So far, we have focused on minimizing the Lagrangian [6] \begin {equation} J = R + \lambda D, \label {eq:RD} \end {equation} where \(R\) is the data rate, and \(D\) is an additive1 distance metric, such as the RMSE, the PSNR or the SSIM index [7]. However, the way in which human beings perceive distortion is generally different from how these metrics express it. This chapter introduces some of the most common ways of exploiting the visual distortion perceived by humans.
Notice that if, according to the requirements of the encoding process, \(D\) is below a Threshold of Noticeable Distortion (ToND), the RDO process described by Eq. \eqref{eq:RD} boilds down to select the option with smaller \(R\).
The Weber-Fechner law states that the minimum perceivable visual stimulus difference increases with background luminance2 [5], up to a point in which it decreases. Therefore, the perception of the distortion generated by the lossy coding of an image is smaller in areas with higher and lower intensity values. For this reason, one of the most used quantizers is the deadzone, which also in general changes signal noise (for example, electronic noise) by quantization noise, where the SNR of the signal is smaller (arroung 0).
The HVS can be modeled as a low-pass filter whose cutoff frequency depends on the distance between the observer and the content (in terms of frequency) of the image.
Some DCT-based image and video coding standards, such as JPEG and H.264, define quantization matrices designed for perceptual coding [2]. These matrices indicate a different quantization step size for each 8x8-DCT coefficient, whose values were found through a study of the subjective impact of the quantization of each coefficient in the ToND. In the case of H.264, such matrices can change between images [5].

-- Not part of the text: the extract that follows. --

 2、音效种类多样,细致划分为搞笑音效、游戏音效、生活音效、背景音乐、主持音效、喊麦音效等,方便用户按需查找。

In the case of JPEG 2000, each subband uses a different quantization step size [4]. However, note that these values depend on the selected DWT filter.

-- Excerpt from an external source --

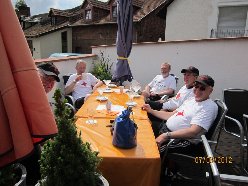 Samstag, Frühstück 8.15 Uhr: Irgendwie hat die Fahrtenleitung herausgefunden, dass ich heute Geburtstag habe. Man, wie doch die Zeit vergeht, schon der zweite Geburtstag nach meiner Freilassung als Thyssenknecht Ende 2010. Eine Kerze, etwas Süßes und viele gutgemeinte Wünsche für Ruder- und Wanderkilometer harrten meiner. Wir werden das, so denke ich, im Laufe des Tages noch mit Rotwein und „Wanderruderers Mandelkuchen“ besiegeln. - Mittagspause, Mahlzeit -

Quantization noise is generated by the quantizer, producing different coding artifacts3, which are hardly perceived when the (area of the) encoded image is textured [8]. This effect can occur up to reach the ToND.
Another important aspect of our perception is its directionality, which leads the HVS to be more sensitive to distortions added to horizontal and vertical frequencies than to diagonal frequencies [5].
Finally, the rationale behind temporal masking is that the HVS sensitivity to coding artifacts is lower in areas with very high motion activity.
In video, modeling temporal masking is more challenging because the spatio-temporal sensitivity function of the HVS is not separable, i.e., it depends on both the spatial4 and temporal frequencies [5]. However, sources of distortion such as mosquito noise can be hardly perceived in video because this type of noise is temporally uncorrelated.
Loop filters are used in motion-compensated video codecs to improve visual quality (and also the encoding RD performance). For example, H.264/AVC uses (usually directional5) deblocking filters in the encoding loop to smooth the transitions between the blocks, when the boundaries between them become perceptible. Loop filters improve significantly the perceived quality of the video in “flat” areas, where the blocking can be more easely appreciated.
The HVS can perceive only a finite number of different intensities (luma). This number depends on the dynamic range of the pixels, but, in general, we are unable to distinguish more than 64 intensity values [3].
Humans do not perceive (spatial) detail in chrominance as well as in luminance [1]. For this reason, the croma can be downsampled to 1/4 of the original sampling rate without noticeable distortion. This feature is used in most of lossy image and video encoding algoritms.
[1] W. Burger and M.J. Burge. Digital Image Processing: An Algorithmic Introduction Using Java. Springer, 2016.
[2] FERDA Ernawan and SITI HADIATI Nugraini. The optimal quantization matrices for JPEG image compression from psychovisual threshold. Journal of Theoretical and Applied Information Technology, 70(3):566–572, 2014.
[3] V. González-Ruiz. Visual Redundancy.
[4] Feng Liu, Eze Ahanonu, Michael W Marcellin, Yuzhang Lin, Amit Ashok, and Ali Bilgin. Visibility of quantization errors in reversible JPEG2000. Signal Processing: Image Communication, 84:115812, 2020.
[5] M. Naccari and M. Mrak. Perceptually optimized video compression. In Academic Press Library in Signal Processing, volume 5, pages 155–196. Elsevier, 2014.
[6] G.J. Sullivan and T. Wiegand. Rate-distortion optimization for video compression. IEEE signal processing magazine, 15(6):74–90, 1998.
[7] Z. Wang, A.C. Bovik, H.R Sheikh, and E.P. Simoncelli. Image quality assessment: from error visibility to structural similarity. IEEE transactions on image processing, 13(4):600–612, 2004.
[8] H.R. Wu and K.R. Rao. Digital video image quality and perceptual coding. CRC press, 2017.